Around the world, it’s becoming easier than ever to sell your human capital – the sum total of your knowledge, experiences and talents – to the highest bidder. Using new P2P marketplaces like Sidetour and Gidsy, you can sell a lifetime’s worth of experiences and memories the same way you might sell a pair of used shoes. Using educational marketplaces like Skillshare, you can sell your esoteric knowledge to people with an interest in a specific topic. And by taking advantage of sites like TaskRabbit, it’s easier than ever to earn quick bucks for completing mundane tasks for people who live near you. In major cities from New York to San Francisco to Berlin, the pop-up human capital store is fast becoming a reality. Douglas Rushkoff even suggests that this “more freelance, direct P2P means of exchange is going to replace what we thought of as employment.”

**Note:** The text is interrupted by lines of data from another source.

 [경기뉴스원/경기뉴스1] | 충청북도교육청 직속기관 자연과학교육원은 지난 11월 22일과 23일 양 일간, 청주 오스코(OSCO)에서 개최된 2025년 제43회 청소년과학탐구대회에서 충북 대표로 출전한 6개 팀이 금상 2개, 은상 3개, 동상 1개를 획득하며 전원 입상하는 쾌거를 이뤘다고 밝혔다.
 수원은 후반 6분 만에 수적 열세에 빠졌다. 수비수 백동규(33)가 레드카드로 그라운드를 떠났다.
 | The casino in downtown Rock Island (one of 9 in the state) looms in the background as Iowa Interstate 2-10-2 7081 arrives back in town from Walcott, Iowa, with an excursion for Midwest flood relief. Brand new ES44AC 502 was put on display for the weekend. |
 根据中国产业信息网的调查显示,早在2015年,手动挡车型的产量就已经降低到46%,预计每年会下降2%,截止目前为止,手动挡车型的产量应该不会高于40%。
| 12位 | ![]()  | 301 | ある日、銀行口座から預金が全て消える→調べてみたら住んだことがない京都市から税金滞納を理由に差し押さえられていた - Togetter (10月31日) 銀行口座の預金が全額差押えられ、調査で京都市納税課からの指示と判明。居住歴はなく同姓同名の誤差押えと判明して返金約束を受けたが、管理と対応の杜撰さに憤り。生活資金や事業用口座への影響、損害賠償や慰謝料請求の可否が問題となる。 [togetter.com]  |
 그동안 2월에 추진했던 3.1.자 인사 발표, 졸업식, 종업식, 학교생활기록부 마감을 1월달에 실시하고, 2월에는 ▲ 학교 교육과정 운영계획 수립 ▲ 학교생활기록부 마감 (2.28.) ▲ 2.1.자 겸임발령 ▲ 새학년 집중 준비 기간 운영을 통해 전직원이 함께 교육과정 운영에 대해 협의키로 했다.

Gidsy NYCBuilding on the popularity of P2P marketplaces like Airbnb and Etsy, these new “experience marketplaces” are making it possible for individuals to host one-time experiences the way they might host a friend in an apartment — anything from city tours to teaching a musical instrument to learning how to buy quality wine. Unlike other P2P marketplaces that specialize in the exchange of products, these new P2P marketplaces trade in experiences. Perhaps the best-known is Gidsy (ahem, Ashton Kutcher just became an investor), which launched last November in Berlin and New York. Gidsy – which has been referred to as “an Etsy for experiences” – makes it possible for individuals to take advantage of beautifully-designed online templates to offer their experiences to the highest bidder. Unlike other P2P marketplaces that involve the sale of tangible goods or real estate, these marketplaces are selling something much more intangible – human capital.

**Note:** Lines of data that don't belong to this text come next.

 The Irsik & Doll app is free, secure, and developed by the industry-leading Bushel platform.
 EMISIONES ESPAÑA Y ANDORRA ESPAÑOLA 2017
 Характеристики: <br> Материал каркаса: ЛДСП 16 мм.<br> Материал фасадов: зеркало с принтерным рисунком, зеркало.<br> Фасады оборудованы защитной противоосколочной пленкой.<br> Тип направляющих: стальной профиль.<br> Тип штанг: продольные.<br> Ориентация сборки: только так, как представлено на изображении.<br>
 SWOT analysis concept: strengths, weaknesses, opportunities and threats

Moreover, these new P2P marketplaces tie into the whole collaborative consumption trend, which emphasizes new models for the efficient allocation of goods and services within the economy. That means the more efficient allocation of labor as well. Until now, if you wanted to offer something like piano lessons to kids, your entrepreneurial options were pretty much limited to creating an entry on Craigslist, advertising online, or relying on word-of-mouth from your neighbors. Now you can set up a page on Gidsy, price it out, and turn it into a business.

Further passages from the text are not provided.